Dual role of α6β4 integrin in epidermal tumor growth:: Tumor-suppressive versus tumor-promoting function

An increased expression of the integrin alpha 6 beta 4 is correlated with a poor prognosis in patients with squamous cell carcinomas. However, little is known about the role of alpha 6 beta 4 in the early stages of tumor development. We have isolated cells from mouse skin (mouse tumor-initiating cells [mTICs]) that are deficient in both p53 and Smad4 and carry conditional alleles of the beta 4 gene (Itgb4). The mTICs display many features of multipotent epidermal stem cells and produce well-differentiated tumors after subcutaneous injection into nude mice.

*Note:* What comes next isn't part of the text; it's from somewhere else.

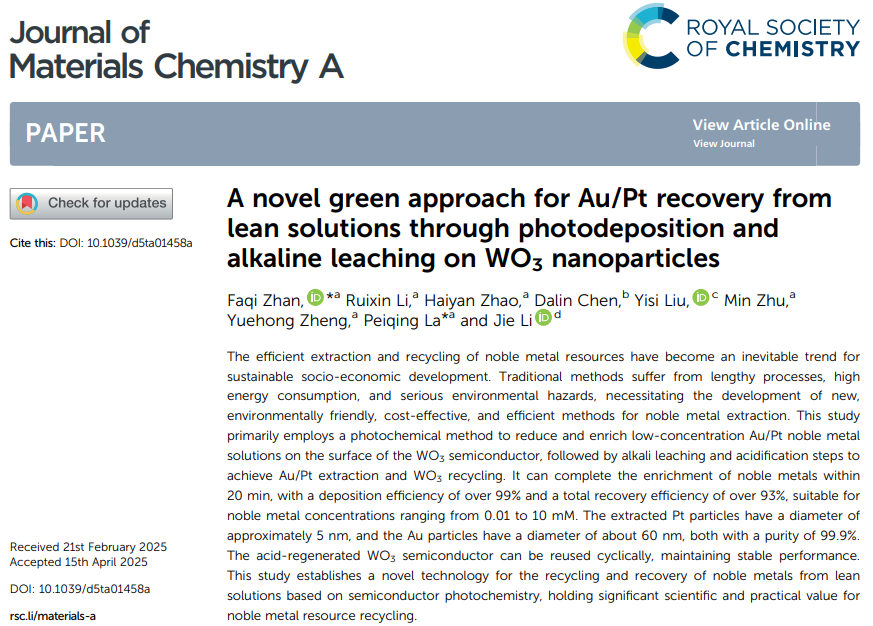 近日,蘭州理工大學省部共建國家重點實驗室喇培清教授團隊在光催化回收提取微量貴金屬方面取得重要進展,并以題為“A novel green approach for Au/Pt recovery from lean solutions through photodeposition and alkaline leaching on WO3nanoparticles”發表在材料科學領域Top期刊《Journal of Materials Chemistry A》上(IF10.8 /Q1)。
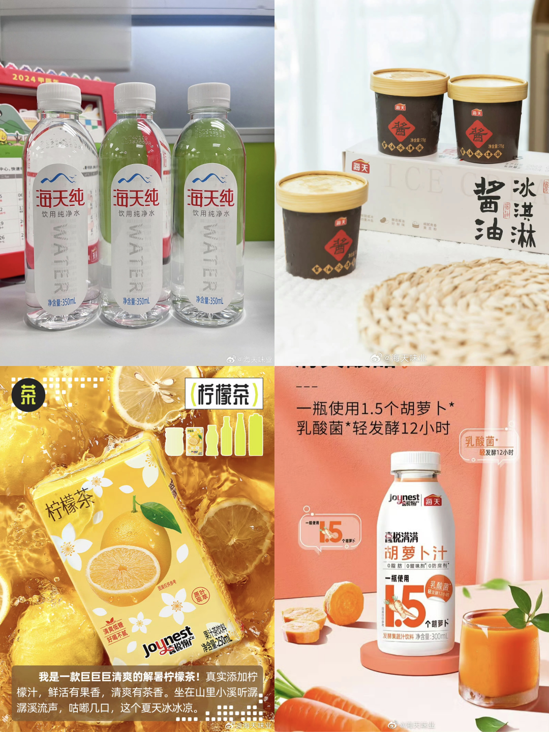 早在2020年,海天就推出了食用油和果蔬饮料;2022年,海天推出胡萝卜汁和青柠汁;2023年,海天又推出了酱油冰淇淋;2024年上半年,海天又推出了柠檬茶、植物饮料和瓶装饮用水“海天纯”。

Deletion of Itgb4 led to enhanced tumor growth, indicating that alpha 6 beta 4 mediates a tumor-suppressive effect. Reconstitution experiments with beta 4-chimeras showed that this effect is not dependent on ligation of alpha 6 beta 4 to laminin-5, but on the recruitment by this integrin of the cytoskeletal linker protein plectin to the plasma membrane. Depletion of plectin, like that of beta 4, led to increased tumor growth. In contrast, when mTICs had been further transformed with oncogenic Ras, alpha 6 beta 4 stimulated tumor growth, as previously observed in human squamous neoplasms. Expression of different effector-loop mutants of Ras(v12) suggests that this effect depends on a strong activation of the Erk pathway. Together, these data show that depending on the mutations involved, alpha 6 beta 4 can either mediate an adhesion-independent tumor-suppressive effect or act as a tumor promotor.